Сквозь пелену табачного дыма, висевшую над залом, Колчин наблюдал, как на тесную эстраду к микрофону вышли два мужика. Певцы были одеты в короткие женские платья с блестками, чулки на подвязках. На жилистых шеях нитки бус, на головах нейлоновые парики. Большие овалы декольте глубоко открывали пухлые женские груди. Следом за солистами появился аккомпаниатор, мужчина-женщина, бритая наголо, одетая в черную ночную рубашку из искусственного шелка. Встав у синтезатора, аккомпаниатор переключила регистры, подбирая тональность, коснулась пальцами клавиш.

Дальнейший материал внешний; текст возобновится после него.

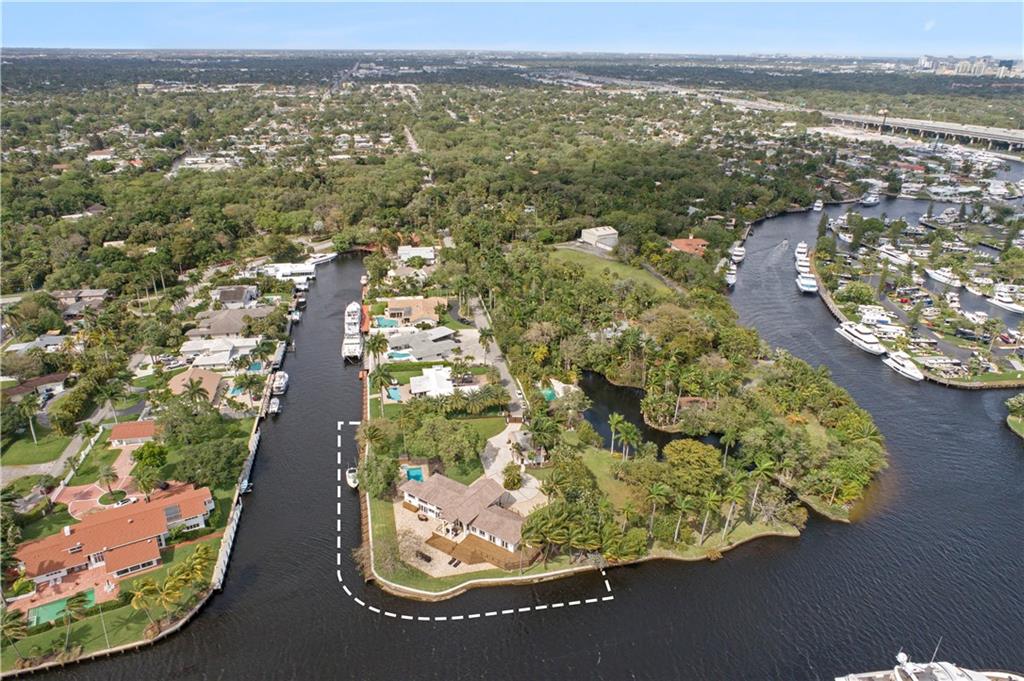 421 Ft Of Deep Waterfront Ideal For The Avid Yachtsman looking to dock a large or multiple vessels. Gated & secured estate, a point lot comprised of almost 1 full acre on the New River, no fixed bridges & across from the protected Secret Woods Nature Center. Experience the S. Florida tropical dream with breathtaking waterway views, multiple outdoor living spaces, a heated pool & spa, an oversized patio area, lanai & tremendous green space with lush foliage. This contemporary estate features an open design, soaring ceilings, a media room & gourmet kitchen opening to a large family room. The enormous primary bedroom boasts unparalleled views of the waterway, private access to the pool & spa, a seating area, spacious dressing area with custom closets & lavish bathroom. Sq ft from BCPA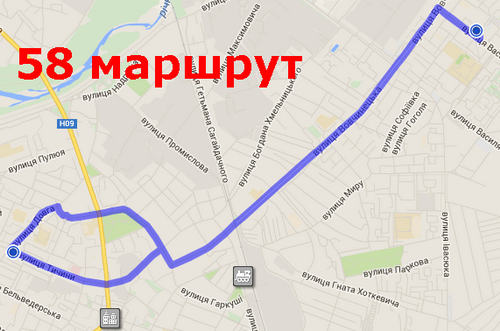 3. Базовий – 58-й маршрут: вулиця Симоненка – «Метро» (Галицька академія) – «Кобзарик» – Вовчинецька –Василіянок – ТРЦ «Панорама-Плаза» – Довга – Тичини – ЦУМ – Вовчинецька – «Кобзарик» – Симоненка. Логічніше би було «дотягнути» до «Арсена» чи «Епіцентру» через вул. 24 серпня.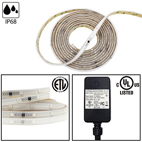 - Ultra bright ETL listed 5050 SMD strip light, 150 3-IN-1 RGB multi-color LEDs in 16.4ft, totally covered with silicone glue IP68 waterproof rating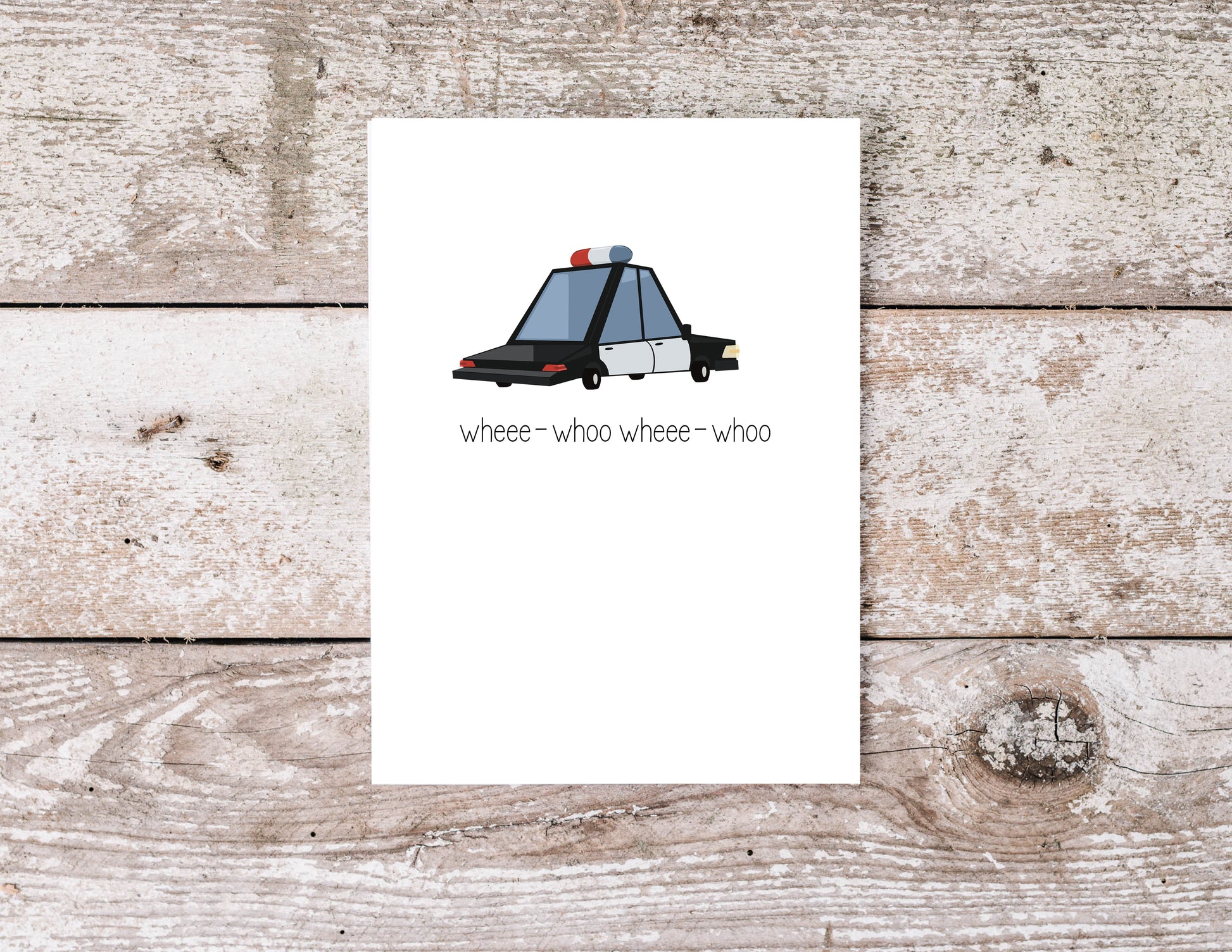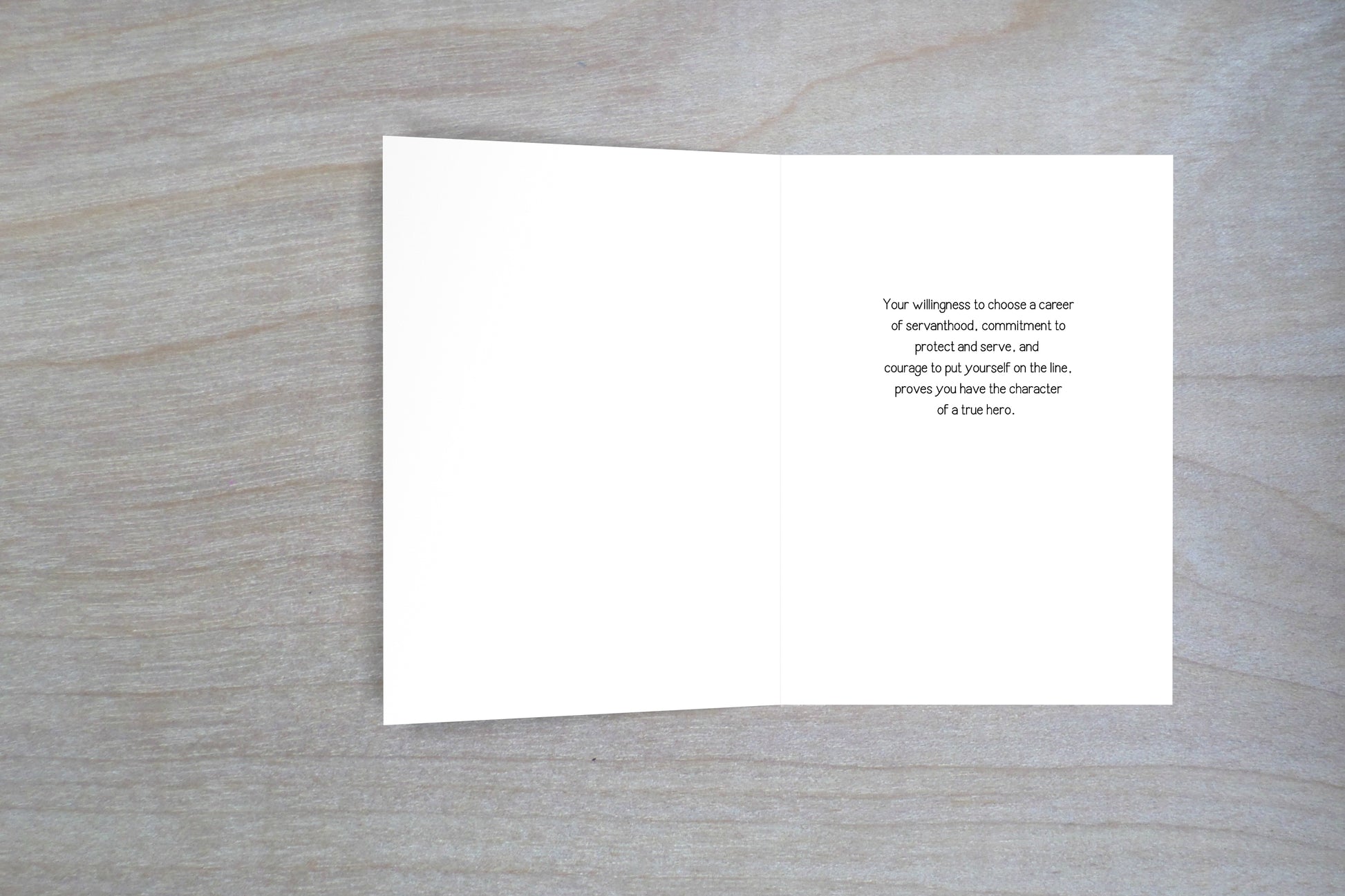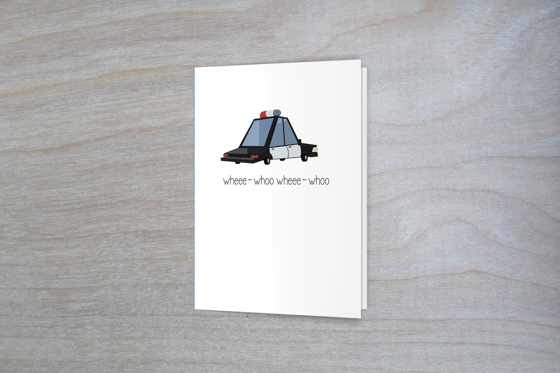 This fun, versatile police card can be used for Police Acadmey Graduation, Police Retirement, or for any police officer in between. The outside of the card has a cartoon Police Card with the siren noise spelled out, "whee-who whee-who". The inside of the card has the message, "Your willingness to choose a career of servanthood, commitment to protect and serve, and courage to put yourself on the line, proves you have the character of a true hero." 5x7 inch card is printed on card stock. Includes single card and envelope. Made in the USA!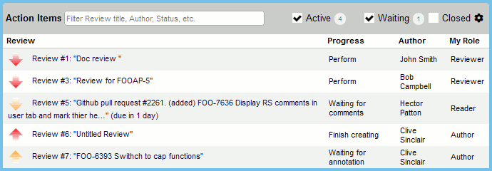Additionally, you can sort action items by clicking on the column headers: Review, Progress, Author, My Role and so on.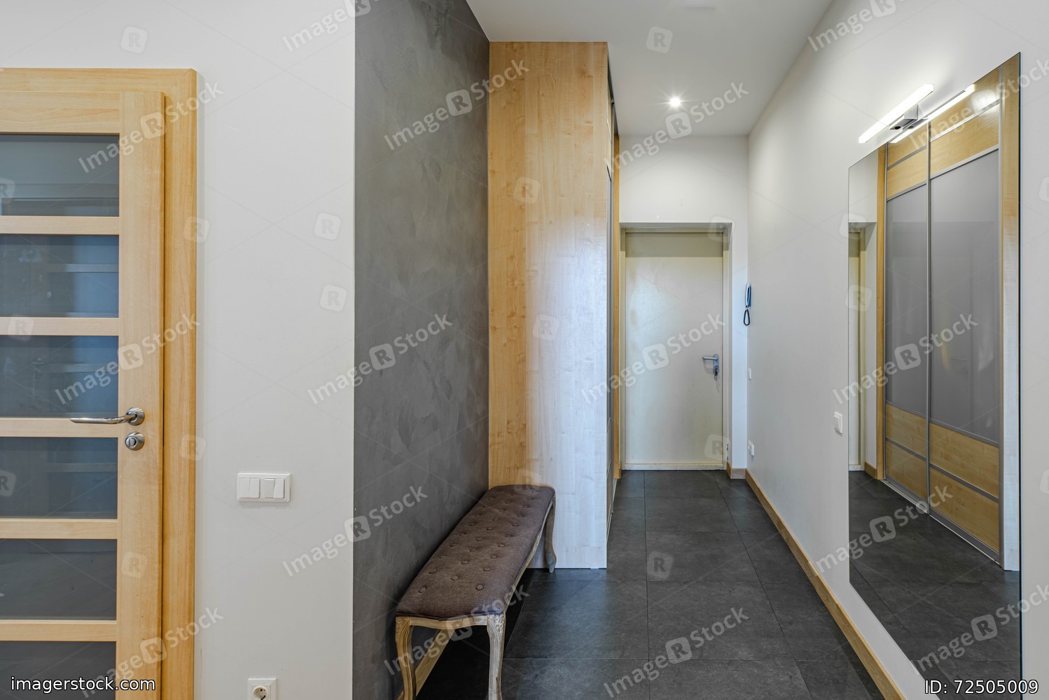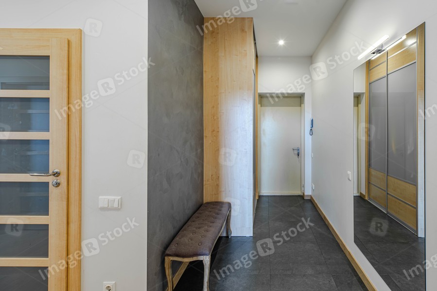 Contemporary interior of entrance hall in luxury flat. White walls. Wooden wardrobe. Mirror and lamp.

Колчин подумал, что окажись здесь, на его месте, тот самый поэт, обмочивший ковры в русском посольстве, он, вдохновленный обстановкой, этой публикой и солистами на эстраде, пришел в полный восторг и наверняка придумал бы какую-нибудь сногсшибательную, совершенно гениальную рифму. Какую именно? Ясно, не «слезы – березы – грезы». Например, такую: «трансвестит – свистит». Вот это – да, свежо и современно. Коллеги по поэтическому цеху просто умерли бы с зависти.
Парочка у микрофона запела тонкими, не лишенными мелодичности голосами. Начиналось эстрадное представление, которое продлится до поздней ночи. Колчин знал, что музыку здесь врубают после полуночи. Однако сегодня начали раньше. Он закрыл ладонью правое ухо, в канал которого был вложен микрофон, но музыка заглушала все прочие звуки, вместо человеческой речи слышался комариный писк.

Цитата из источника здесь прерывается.